De jurisprudentie in dergelijke strafzaken geeft een wisselend beeld. Bij sommige Staatsveiligheidsrechtbanken wordt al vrij snel een betrokkenheid bij de organisatie aangenomen, terwijl ook zaken bekend zijn waar de rechtbank tot vrijspraak besloot terwijl voldoende bewijs voor handen leek. Zo is een geval bekend van een Turkse onderdaan die met PKK-pamfletten werd aangetroffen maar desondanks werd vrijgesproken. Artikel 169 van de strafwet valt onder de amnestieregeling van 21 december 2000, zodat vele plegers van dit delict op vrije voeten zijn gesteld en vele nog lopende zaken zijn geseponeerd
.

Personen van wie de autoriteiten weten of vermoeden dat één of meer van hun familieleden zijn aangesloten bij de PKK, moeten rekening houden met mogelijke belangstelling van de zijde van de autoriteiten. Afhankelijk van onder meer de graad van verwantschap en de (vermeende) positie van de verwant(en) binnen de PKK, kunnen hun familieleden in verschillende mate te maken krijgen met intimidatie, pesterijen, ambtelijke tegenwerking, ondervragingen en vergelijkbare problemen. Het is zeer goed denkbaar, en in veel gevallen zelfs waarschijnlijk, dat familieleden van (vermeende) PKK-leden door de autoriteiten in de gaten worden gehouden of worden ondervraagd en verhoord, ook al omdat zij meestal zelf als potentieel verdachte zouden kunnen worden beschouwd. De Turkse autoriteiten zullen er waarschijnlijk in veel gevallen van uitgaan dat sommige familieleden van PKK-ers sympathie koesteren voor die partij. Echter, indien de autoriteiten er van overtuigd zijn dat familieleden van (vermeende) PKK-leden geen banden met de PKK hebben, dan vindt geen vervolging plaats.

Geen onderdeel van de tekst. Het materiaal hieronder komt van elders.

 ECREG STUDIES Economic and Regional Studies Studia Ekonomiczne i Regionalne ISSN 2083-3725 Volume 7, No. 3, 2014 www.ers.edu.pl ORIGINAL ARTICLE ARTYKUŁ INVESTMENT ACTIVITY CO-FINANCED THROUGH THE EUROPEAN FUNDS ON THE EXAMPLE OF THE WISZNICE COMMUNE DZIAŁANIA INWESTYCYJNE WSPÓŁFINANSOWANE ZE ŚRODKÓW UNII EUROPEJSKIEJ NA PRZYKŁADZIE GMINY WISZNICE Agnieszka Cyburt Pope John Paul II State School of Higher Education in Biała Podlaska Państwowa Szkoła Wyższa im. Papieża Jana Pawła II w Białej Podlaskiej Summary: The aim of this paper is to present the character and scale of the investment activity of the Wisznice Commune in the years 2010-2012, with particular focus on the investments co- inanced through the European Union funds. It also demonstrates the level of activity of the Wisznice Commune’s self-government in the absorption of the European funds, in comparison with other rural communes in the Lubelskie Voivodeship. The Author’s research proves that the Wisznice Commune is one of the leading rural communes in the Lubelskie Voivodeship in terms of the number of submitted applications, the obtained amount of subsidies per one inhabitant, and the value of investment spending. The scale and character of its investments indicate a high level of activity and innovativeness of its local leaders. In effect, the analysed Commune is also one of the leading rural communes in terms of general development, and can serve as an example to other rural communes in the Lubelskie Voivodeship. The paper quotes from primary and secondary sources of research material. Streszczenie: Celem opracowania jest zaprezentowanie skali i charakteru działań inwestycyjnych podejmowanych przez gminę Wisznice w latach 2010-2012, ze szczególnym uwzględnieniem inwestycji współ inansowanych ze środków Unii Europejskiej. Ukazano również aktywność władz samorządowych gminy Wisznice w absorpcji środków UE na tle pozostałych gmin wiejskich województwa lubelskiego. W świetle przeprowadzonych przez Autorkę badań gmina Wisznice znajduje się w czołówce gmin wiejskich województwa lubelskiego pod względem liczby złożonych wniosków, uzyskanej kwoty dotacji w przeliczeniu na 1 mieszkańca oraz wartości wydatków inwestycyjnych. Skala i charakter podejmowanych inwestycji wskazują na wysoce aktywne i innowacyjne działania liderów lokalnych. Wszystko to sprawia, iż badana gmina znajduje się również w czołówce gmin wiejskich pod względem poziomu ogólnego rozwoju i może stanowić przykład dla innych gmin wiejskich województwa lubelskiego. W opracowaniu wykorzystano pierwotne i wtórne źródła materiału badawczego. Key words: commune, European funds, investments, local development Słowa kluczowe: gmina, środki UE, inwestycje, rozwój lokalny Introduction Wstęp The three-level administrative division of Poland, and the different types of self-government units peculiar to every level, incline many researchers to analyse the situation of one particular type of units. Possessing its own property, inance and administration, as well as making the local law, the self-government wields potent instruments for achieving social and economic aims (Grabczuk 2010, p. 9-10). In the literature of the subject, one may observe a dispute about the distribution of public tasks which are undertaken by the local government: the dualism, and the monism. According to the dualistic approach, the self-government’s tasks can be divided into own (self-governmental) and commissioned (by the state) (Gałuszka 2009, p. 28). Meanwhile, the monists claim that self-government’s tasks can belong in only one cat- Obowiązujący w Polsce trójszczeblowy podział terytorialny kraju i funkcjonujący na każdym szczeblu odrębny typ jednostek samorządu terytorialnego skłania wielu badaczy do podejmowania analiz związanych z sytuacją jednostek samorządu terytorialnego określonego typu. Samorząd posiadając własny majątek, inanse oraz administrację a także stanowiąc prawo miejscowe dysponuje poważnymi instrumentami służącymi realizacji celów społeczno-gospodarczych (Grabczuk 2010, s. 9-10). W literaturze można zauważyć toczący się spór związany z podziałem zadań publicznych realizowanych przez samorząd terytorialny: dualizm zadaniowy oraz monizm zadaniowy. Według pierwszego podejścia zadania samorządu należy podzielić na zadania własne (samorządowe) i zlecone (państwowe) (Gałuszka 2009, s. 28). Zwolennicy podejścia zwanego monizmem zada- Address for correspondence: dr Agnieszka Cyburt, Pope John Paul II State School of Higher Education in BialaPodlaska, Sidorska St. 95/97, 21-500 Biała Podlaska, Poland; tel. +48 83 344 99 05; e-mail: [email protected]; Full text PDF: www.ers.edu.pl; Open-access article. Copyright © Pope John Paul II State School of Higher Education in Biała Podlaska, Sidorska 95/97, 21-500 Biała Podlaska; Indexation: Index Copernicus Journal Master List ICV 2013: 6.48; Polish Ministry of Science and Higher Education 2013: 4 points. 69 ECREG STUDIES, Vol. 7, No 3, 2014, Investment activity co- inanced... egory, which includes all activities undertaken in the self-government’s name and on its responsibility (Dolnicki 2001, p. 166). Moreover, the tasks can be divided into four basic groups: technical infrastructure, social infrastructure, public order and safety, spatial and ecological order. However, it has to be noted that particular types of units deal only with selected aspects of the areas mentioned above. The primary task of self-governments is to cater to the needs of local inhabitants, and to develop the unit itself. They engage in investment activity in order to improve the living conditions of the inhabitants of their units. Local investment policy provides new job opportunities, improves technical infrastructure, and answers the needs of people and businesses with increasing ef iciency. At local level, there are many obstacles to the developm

Er zijn in Turkije talloze mensen met één of meer familieleden die lid zijn van de PKK, zonder dat deze verwantschap noemenswaardige problemen oplevert met de autoriteiten. Familieleden van prominente PKK-ers als Abdullah Öcalan en Semdin Sakik hebben waarschijnlijk altijd verhoogde aandacht van de autoriteiten gehad en zullen altijd onder een zekere druk hebben geleefd, maar van daadwerkelijke vervolging vanwege hun verwantschap met de PKK-leiders is geen sprake geweest. Öcalans familieleden zijn aanwezig geweest bij zijn proces op het eiland Imrali. Een broer van Sakik is openlijk politiek actief.

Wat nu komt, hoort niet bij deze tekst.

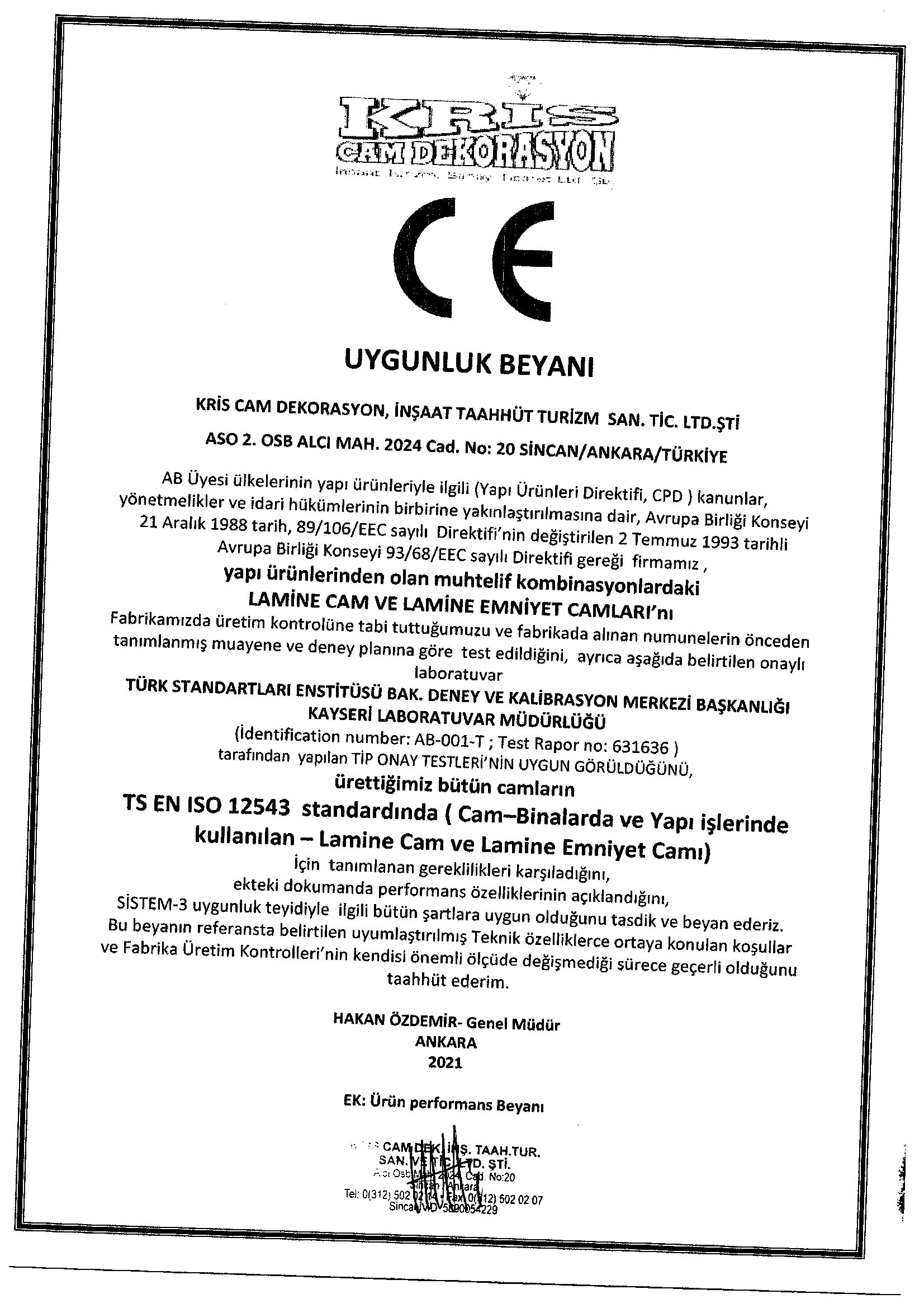 Lamine Cam AT Uygunluk Beyanı

Verwanten van HADEP-leden hebben niet te vrezen voor vervolging door de Turkse autoriteiten louter vanwege het HADEP-lidmaatschap van één of meer familieleden. In specifieke gevallen is echter niet uit te sluiten dat bijvoorbeeld eerste- of tweedegraads familieleden van prominente HADEP-leden vanwege dit lidmaatschap in de bijzondere belangstelling staan van de autoriteiten.

Zoals bekend worden vanuit West-Europa per jaar duizenden (illegale) Turkse onderdanen naar Turkije verwijderd. Onder hen bevinden zich ook afgewezen asielzoekers. In de jaren 1999 en 2000 heeft Nederland 137 respectievelijk 191 afgewezen asielzoekers en enkele honderden personen die illegaal in Nederland verbleven naar Turkije verwijderd.

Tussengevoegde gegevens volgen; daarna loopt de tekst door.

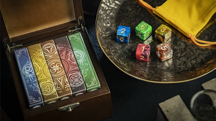 Five Elements Playing Cards Wooden Collection Set with 5 Dice by TCC

Er zijn geen aanwijzingen dat Turkse onderdanen in Turkije worden vervolgd louter vanwege het feit dat zij in het buitenland asiel hebben aangevraagd. De Turkse autoriteiten zijn bekend met het feit dat veel burgers om economische redenen het land verlaten en elders een asielverzoek indienen. Personen die in het buitenland activiteiten hebben verricht die door de Turkse autoriteiten als separatistisch worden aangemerkt, lopen indien de Turkse autoriteiten op de hoogte komen van deze activiteiten evenwel het risico van vervolging.

Bij verwijdering van Turks-Koerdische asielzoekers naar Turkije geldt dat zij net als andere Turkse onderdanen bij inreis worden gecontroleerd op antecedenten. Dergelijke antecedenten kunnen gelegen zijn in strafrechtelijke veroordelingen door een Turkse gerechtelijke instantie, maar kunnen ook verband houden met een formeel gerechtelijk vooronderzoek of een onderzoek door politie of Jandarma. Ook dienstweigeraars en deserteurs staan bij de grensposten geregistreerd.

De Turkse grensautoriteiten zullen bij vaststelling van een antecedent, onjuiste grensoverschrijdingsdocumenten of bij een ander vermoeden dat er iets vreemds aan de hand is de betrokkene veelal aan een verhoor onderwerpen. Dit geldt in ieder geval voor personen zonder paspoort, personen waarvan de documenten niet in orde zijn of personen die Turkije illegaal hebben verlaten. Het geldt ook voor personen die zijn verwijderd uit andere landen.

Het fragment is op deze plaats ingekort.